_SOURCE DATA:_
=-=-=-=-=

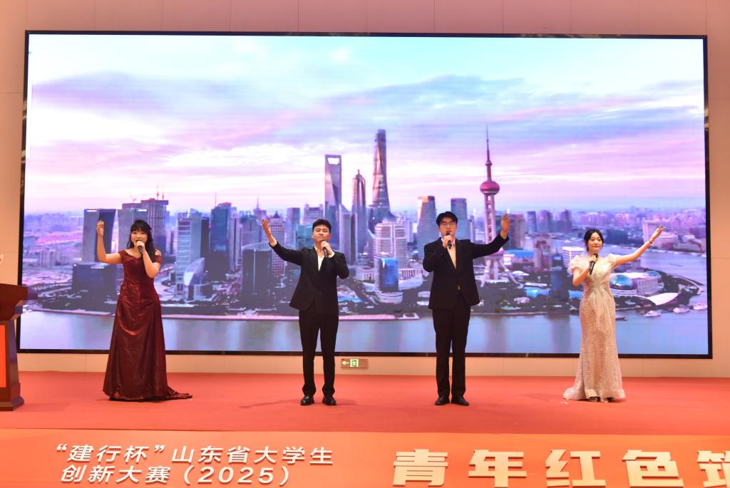 活动现场,与会领导共同启动“建行杯”山东省大学生创新大赛(2025)“青年红色筑梦之旅”活动。山东省教育厅高等教育处处长曾宪文为学生代表出征授旗。
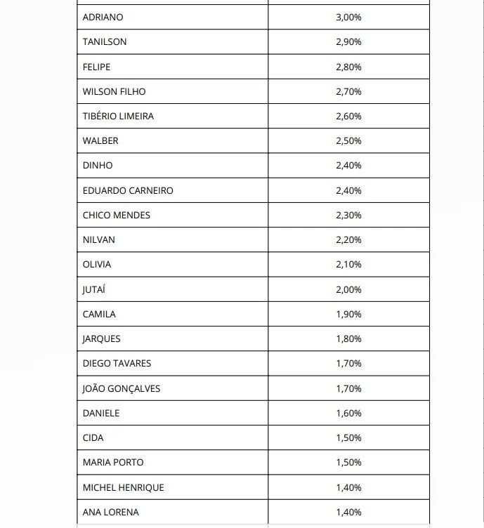 De acordo com a pesquisa, Cicinho Lima aparece em posição competitiva, ocupando a 26ª colocação em um cenário que considera as 36 vagas da Assembleia Legislativa. O desempenho o coloca entre os nomes que avançam de forma consistente no levantamento.
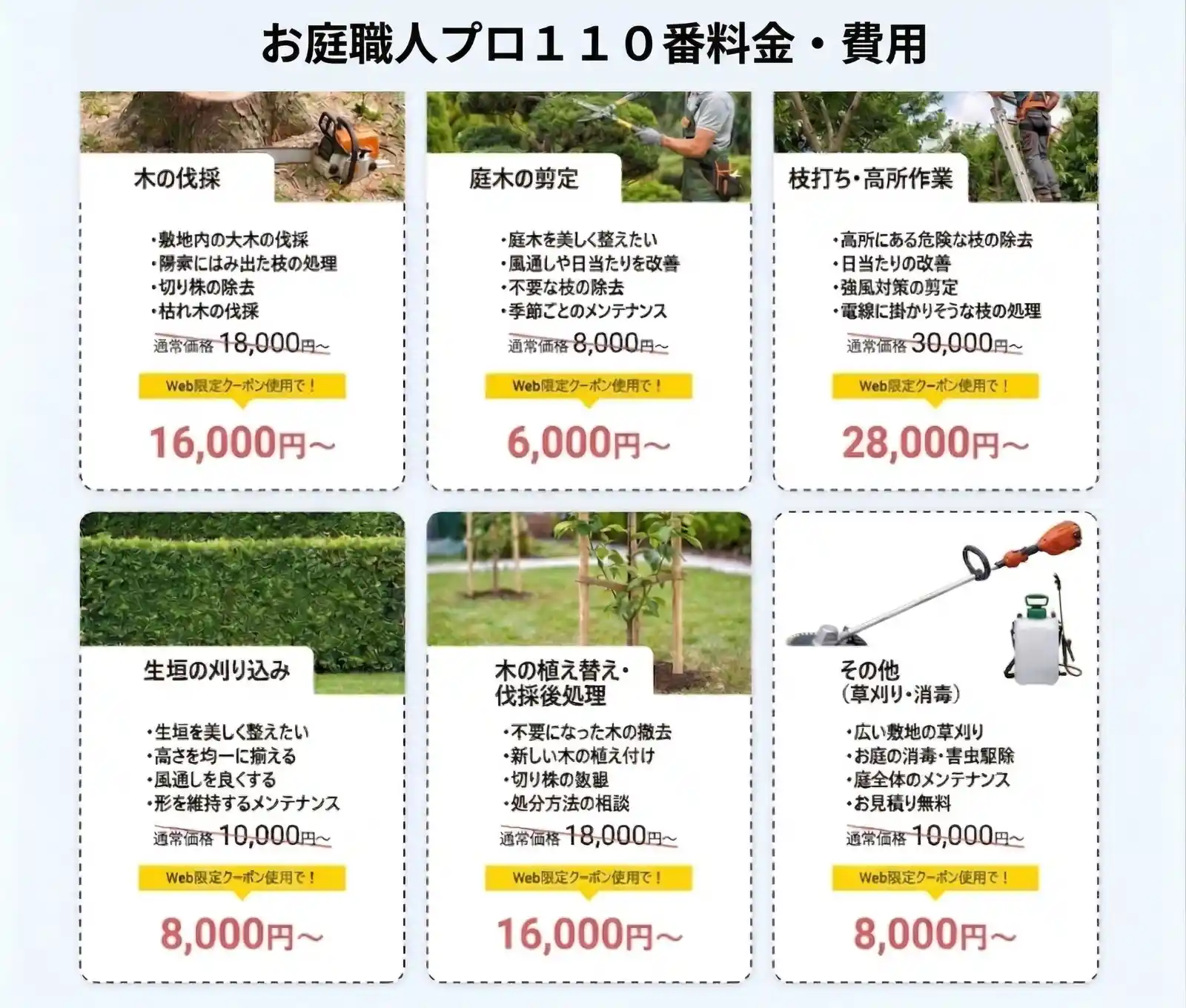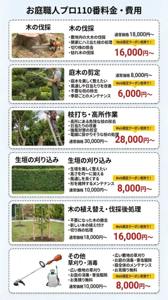 | 木のサイズ・種類 | 剪定料金(目安) |

=-=-=-=-=

_EXERCISE BRIEF:_
Return the full set of lines above word for word and with no pictures.

_EXPECTED ANSWER:_
 活动现场,与会领导共同启动“建行杯”山东省大学生创新大赛(2025)“青年红色筑梦之旅”活动。山东省教育厅高等教育处处长曾宪文为学生代表出征授旗。
 De acordo com a pesquisa, Cicinho Lima aparece em posição competitiva, ocupando a 26ª colocação em um cenário que considera as 36 vagas da Assembleia Legislativa. O desempenho o coloca entre os nomes que avançam de forma consistente no levantamento.
 | 木のサイズ・種類 | 剪定料金(目安) |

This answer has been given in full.